-- Task directions --
Repeat what the lines below say, word for word, and skip every image.

Saved entries:
"""
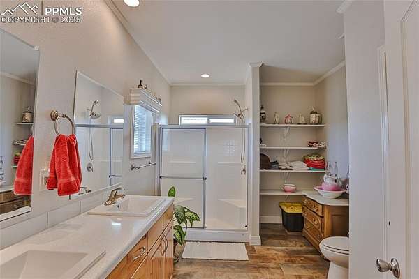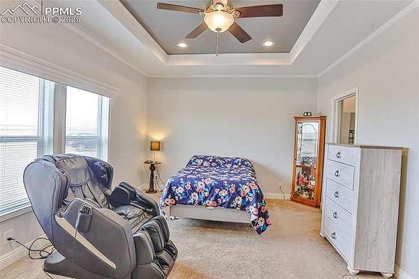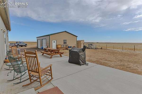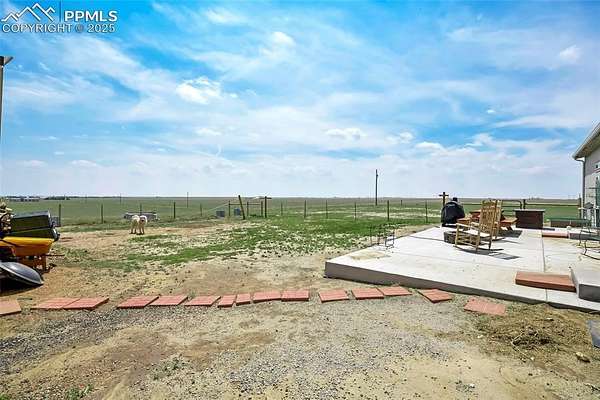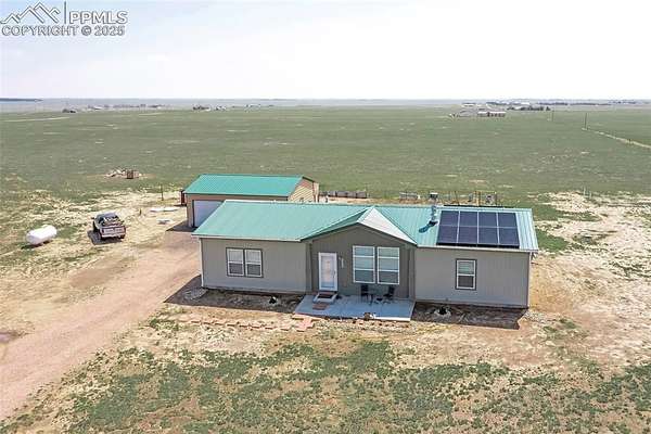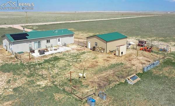 Tranquility awaits! Built in 2021 by Clayton Homes, this beautiful, single-level home offers an open floor plan and breathtaking views in every direction, all while being approximately 30 minutes from Peterson Space Force Base. The spacious living room flows into a large kitchen featuring 42" cabinets, a center island, and a generous pantry. The dining area/eat-in kitchen provides walk-out access to the backyard. The primary bedroom is large enough to accommodate a king-size bed with room for a sitting area and includes an en-suite bathroom with a walk-in shower. Secondary bedrooms are comfortably sized and offer walk-in closets. Situated on 40 acres, the property boasts stunning mountain views from the front of the home, along with a designated dug-out shooting area located on the northeast corner of the land. Additional features include a wood-burning fireplace and solar panels. A must-see.
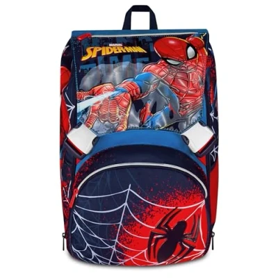 Seven Spiderman Double Compartment Expandable Backpack, blue, Maxi Capacity, Preformed Backrest, Child, Elementary School, Blu, Casual
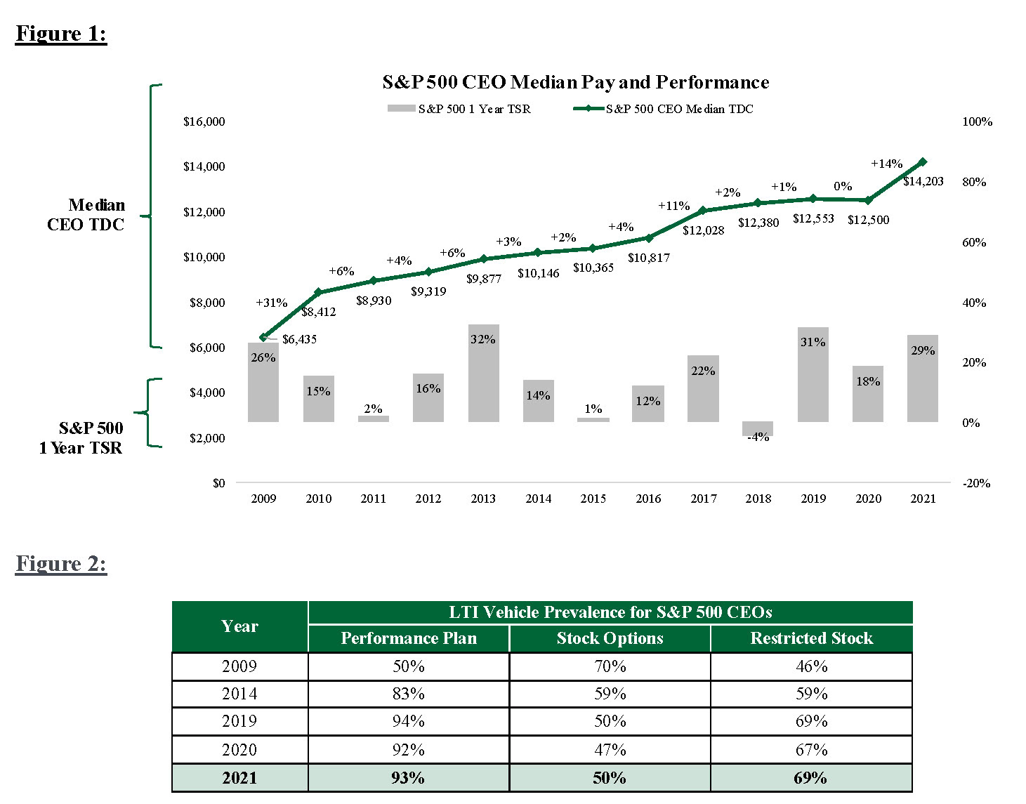 CEO pay rebounded +31% in 2010 after -9% and -13% decreases during the financial crisis of 2008 and 2009, respectively. In 2021, we observed the largest CEO pay increase since 2010, which was supported by strong three-year TSR (+29% in 2021, +18% in 2020 and +31% in 2019). (Figure 1).
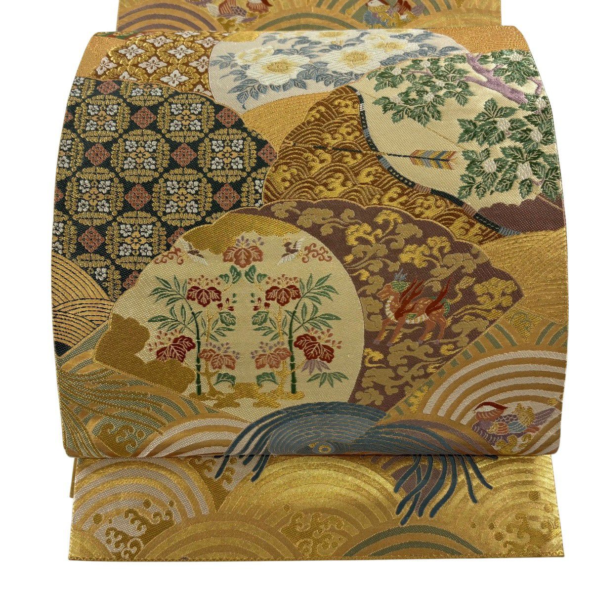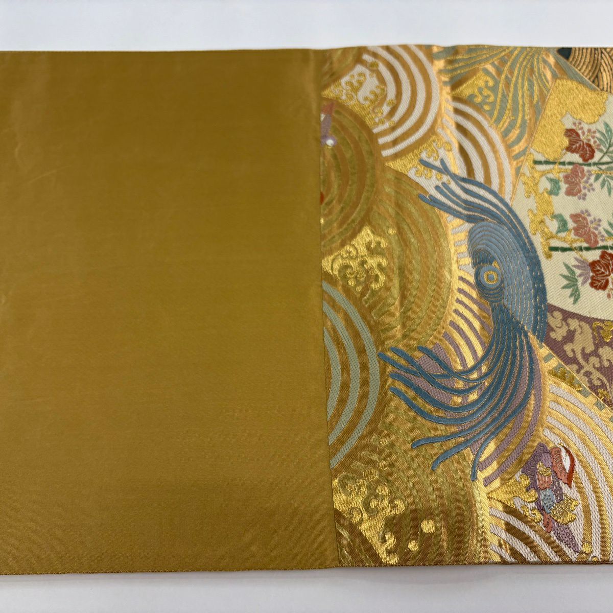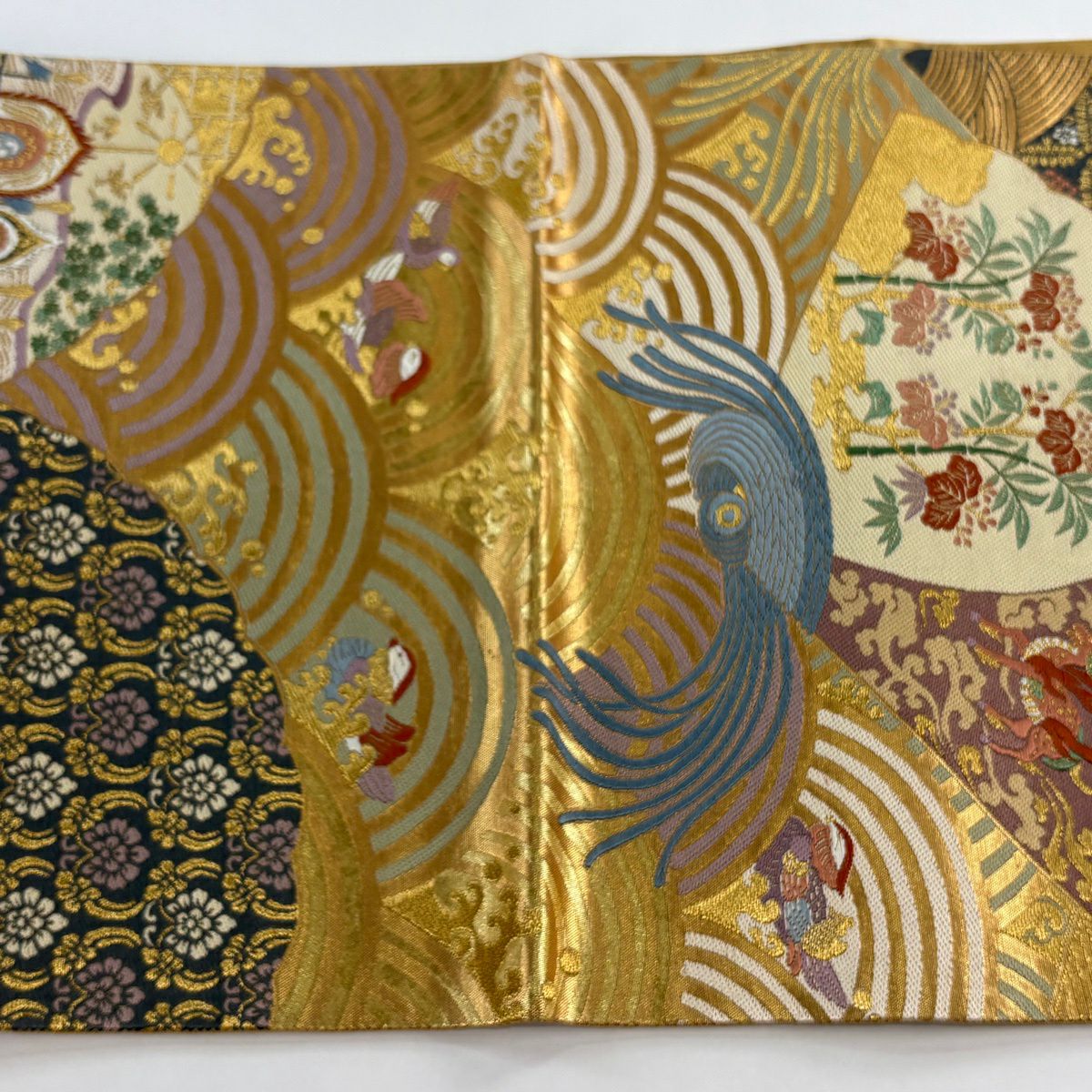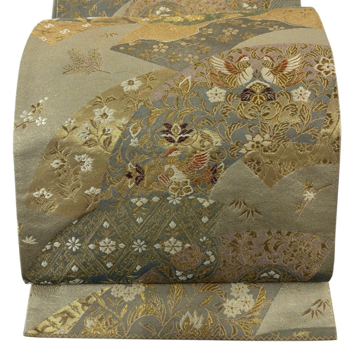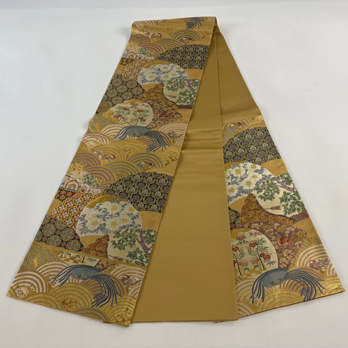 【美品】 袋帯 秀品 祝華文絵図 華文 花鳥 金糸 箔 金色 六通 正絹
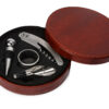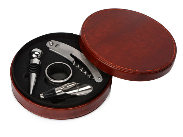 Винные принадлежности разложены в красивом круглом футляре на бархатистом вырубленном ложементе, где для каждого инструмента предусмотрено свое место. Снаружи набор обтянут искусственной кожей, точно такой же по текстуре и цвету, что и другие изделия серии Fabrizio, что позволяет составлять с ними гармоничные комплекты.
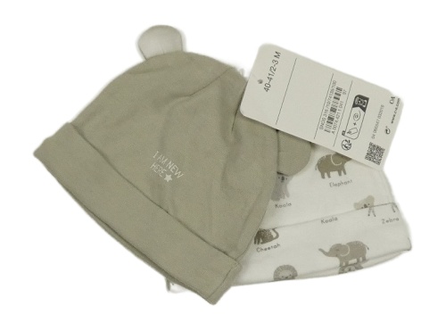 Nové - 2x bavlněná čepice - zelenošedá s nápisem + biela so zvířaty C&A
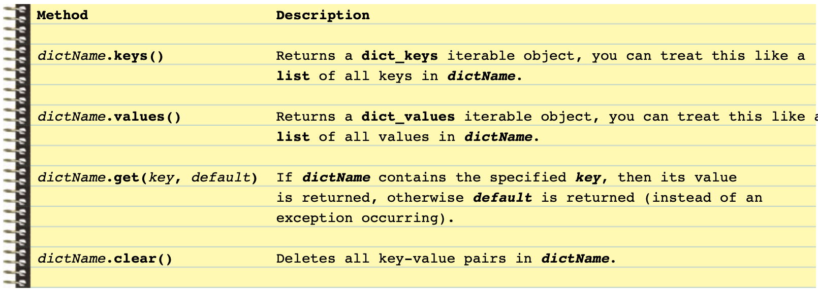 Dictionary Methods
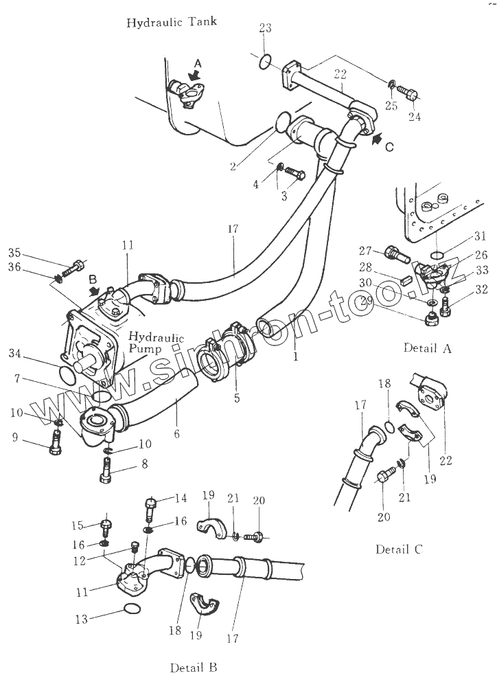 Каталог запасных частей к технике: Shantui SD32. HYDRAULIC PIPING (TANK TO PUMP)
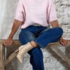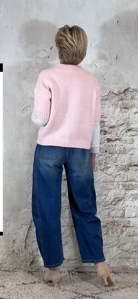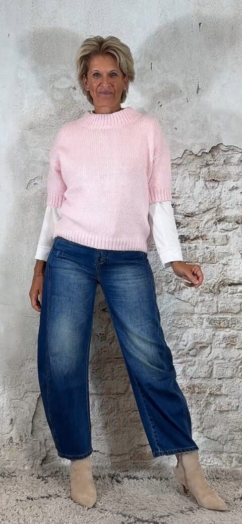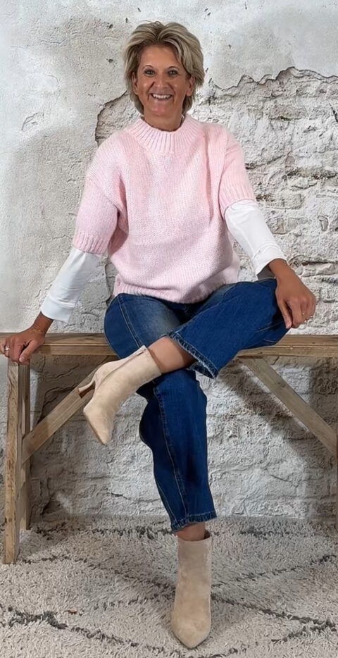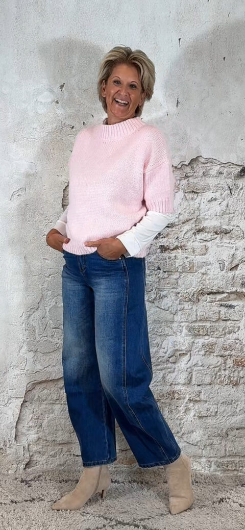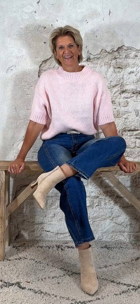 De Evy pullover met wol is een stijlvolle knit met korte mouw, perfect voor het nieuwe seizoen. Het model heeft een brede boord aan de hals en is gebreid in een grove patentsteek, wat de trui een stoere en tegelijkertijd vrouwelijke uitstraling geeft.
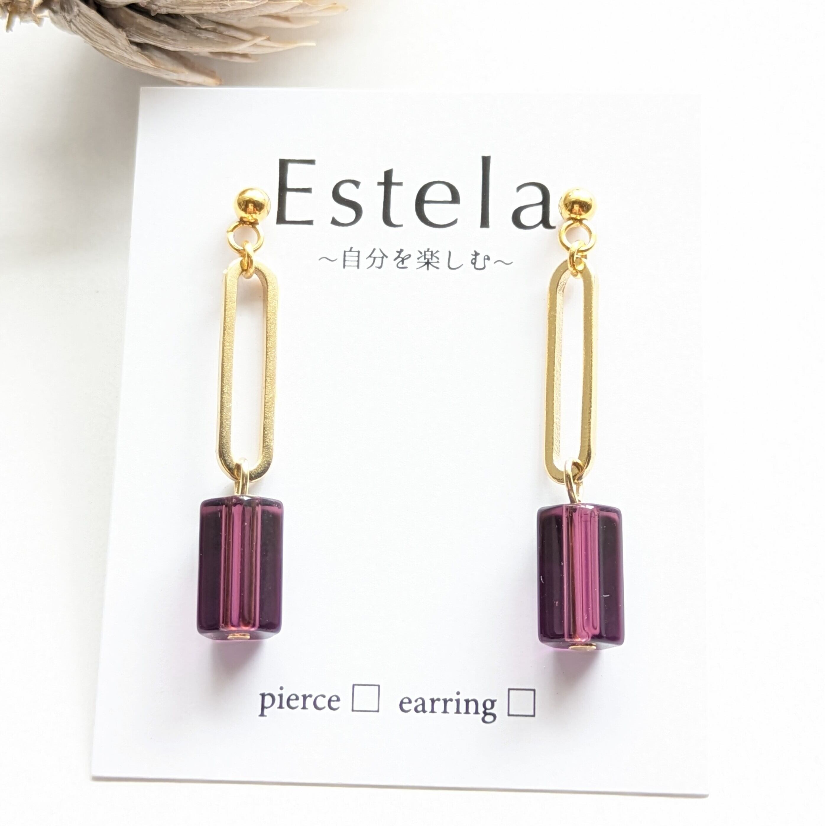 アトラスビーズロング 長方形ロング アメジスト ピアス/イヤリング
"""
-- Task response --
 Tranquility awaits! Built in 2021 by Clayton Homes, this beautiful, single-level home offers an open floor plan and breathtaking views in every direction, all while being approximately 30 minutes from Peterson Space Force Base. The spacious living room flows into a large kitchen featuring 42" cabinets, a center island, and a generous pantry. The dining area/eat-in kitchen provides walk-out access to the backyard. The primary bedroom is large enough to accommodate a king-size bed with room for a sitting area and includes an en-suite bathroom with a walk-in shower. Secondary bedrooms are comfortably sized and offer walk-in closets. Situated on 40 acres, the property boasts stunning mountain views from the front of the home, along with a designated dug-out shooting area located on the northeast corner of the land. Additional features include a wood-burning fireplace and solar panels. A must-see.
 Seven Spiderman Double Compartment Expandable Backpack, blue, Maxi Capacity, Preformed Backrest, Child, Elementary School, Blu, Casual
 CEO pay rebounded +31% in 2010 after -9% and -13% decreases during the financial crisis of 2008 and 2009, respectively. In 2021, we observed the largest CEO pay increase since 2010, which was supported by strong three-year TSR (+29% in 2021, +18% in 2020 and +31% in 2019). (Figure 1).
 【美品】 袋帯 秀品 祝華文絵図 華文 花鳥 金糸 箔 金色 六通 正絹
 Винные принадлежности разложены в красивом круглом футляре на бархатистом вырубленном ложементе, где для каждого инструмента предусмотрено свое место. Снаружи набор обтянут искусственной кожей, точно такой же по текстуре и цвету, что и другие изделия серии Fabrizio, что позволяет составлять с ними гармоничные комплекты.
 Nové - 2x bavlněná čepice - zelenošedá s nápisem + biela so zvířaty C&A
 Dictionary Methods
 Каталог запасных частей к технике: Shantui SD32. HYDRAULIC PIPING (TANK TO PUMP)
 De Evy pullover met wol is een stijlvolle knit met korte mouw, perfect voor het nieuwe seizoen. Het model heeft een brede boord aan de hals en is gebreid in een grove patentsteek, wat de trui een stoere en tegelijkertijd vrouwelijke uitstraling geeft.
 アトラスビーズロング 長方形ロング アメジスト ピアス/イヤリング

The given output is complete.